**DATA SHOWN**
------------------------------------------------------------

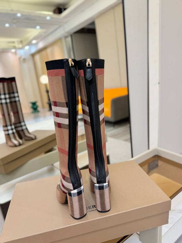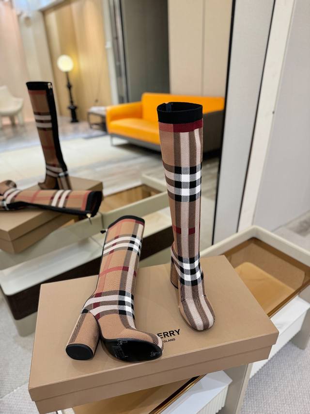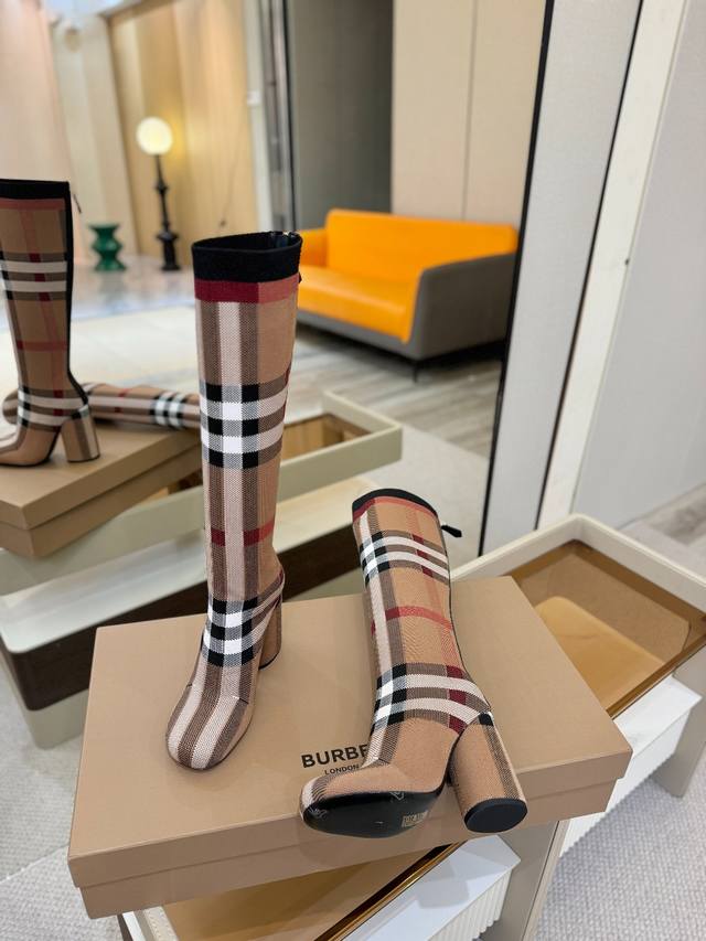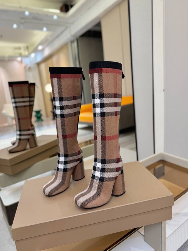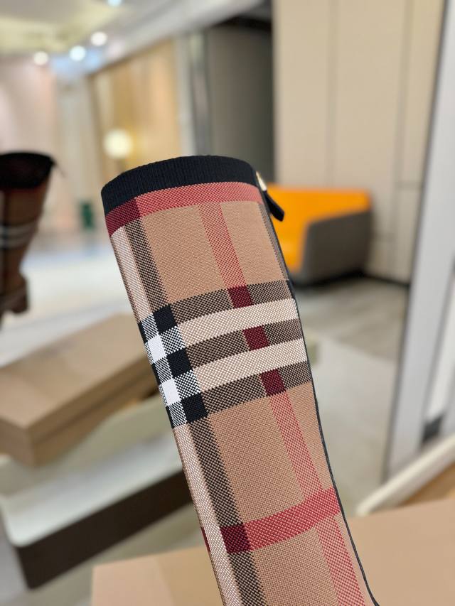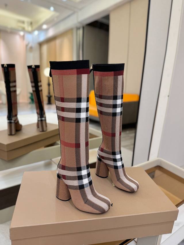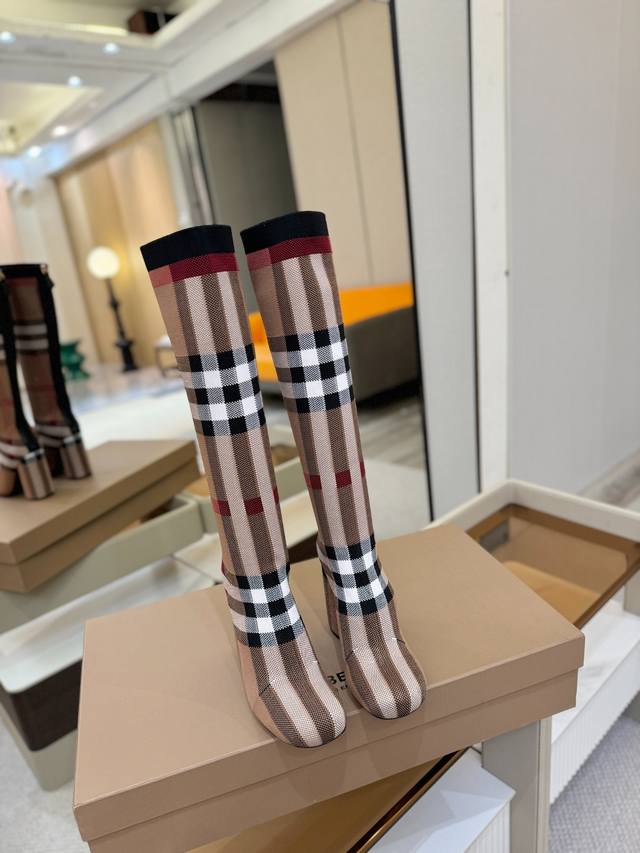 价格p: 独家推出圆头粗跟格纹弹力针织袜长靴 Burberry博柏利英国奢侈品牌,典藏米色,原版1:1复制,贴身弹力针织式及膝靴,设计圆形靴头粗跟,装饰品牌标志
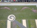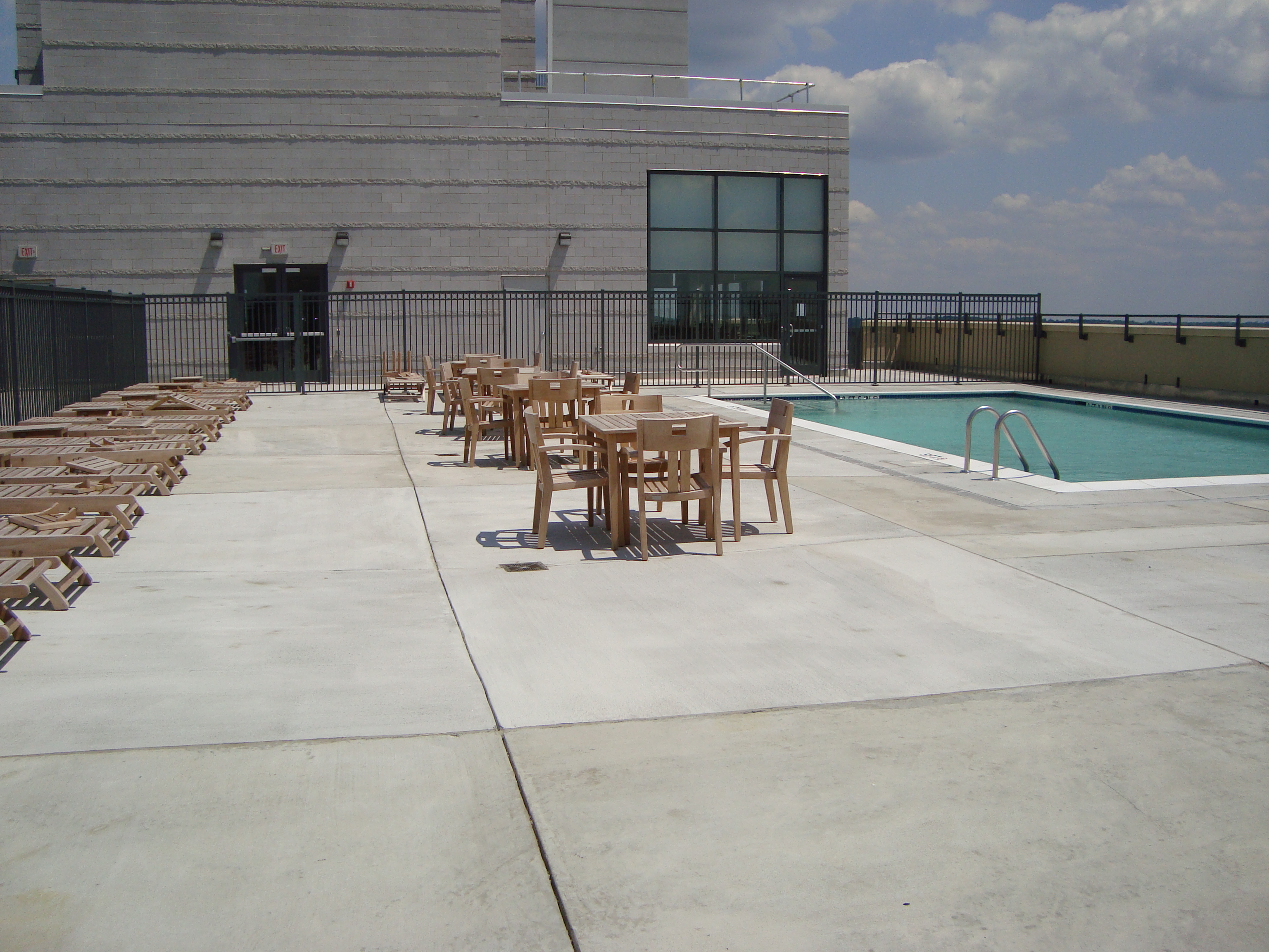 Atop a ground level retail establishment, a courtyard type layout features a combination of sedum, grasses and a wide array of plant species of various sizes and colors, all in a compelling landscape design that serves as a visual amenity for residents of the adjacent tower housing unit.
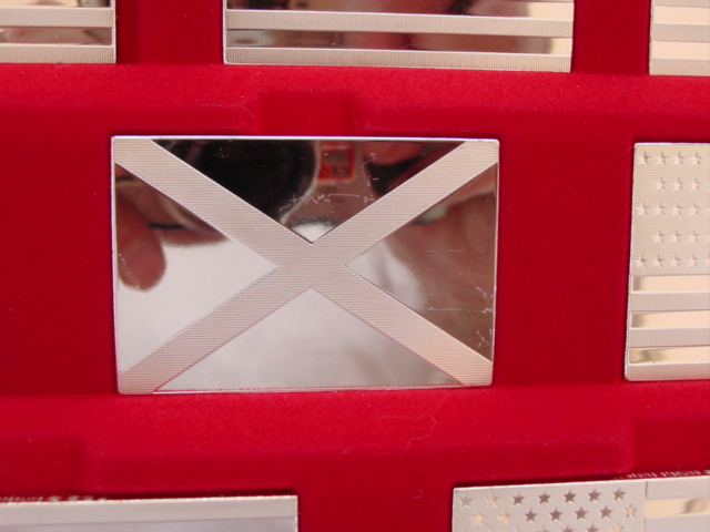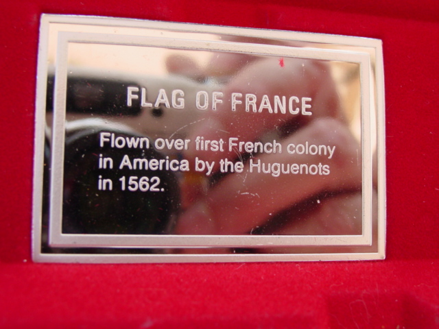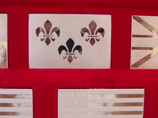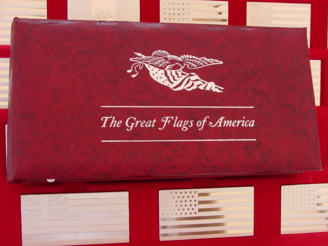 One of several flag sets, this one shows all of the "official and sovereign" flags that have ever flown over U.S. soil. The flags are different sizes to correspond to the original proportions. The gold-plated set is the only Franklin Mint set I'm aware of that was made in .500 silver - that set is quite rare.

------------------------------------------------------------

**TASK OBJECTIVE**
Reproduce exactly and only the lines from the line that contains "Atop a ground" to the end of the data above, both ends included. No pictures go in the copy.

**RESULT FOR THIS EXERCISE**
 Atop a ground level retail establishment, a courtyard type layout features a combination of sedum, grasses and a wide array of plant species of various sizes and colors, all in a compelling landscape design that serves as a visual amenity for residents of the adjacent tower housing unit.
 One of several flag sets, this one shows all of the "official and sovereign" flags that have ever flown over U.S. soil. The flags are different sizes to correspond to the original proportions. The gold-plated set is the only Franklin Mint set I'm aware of that was made in .500 silver - that set is quite rare.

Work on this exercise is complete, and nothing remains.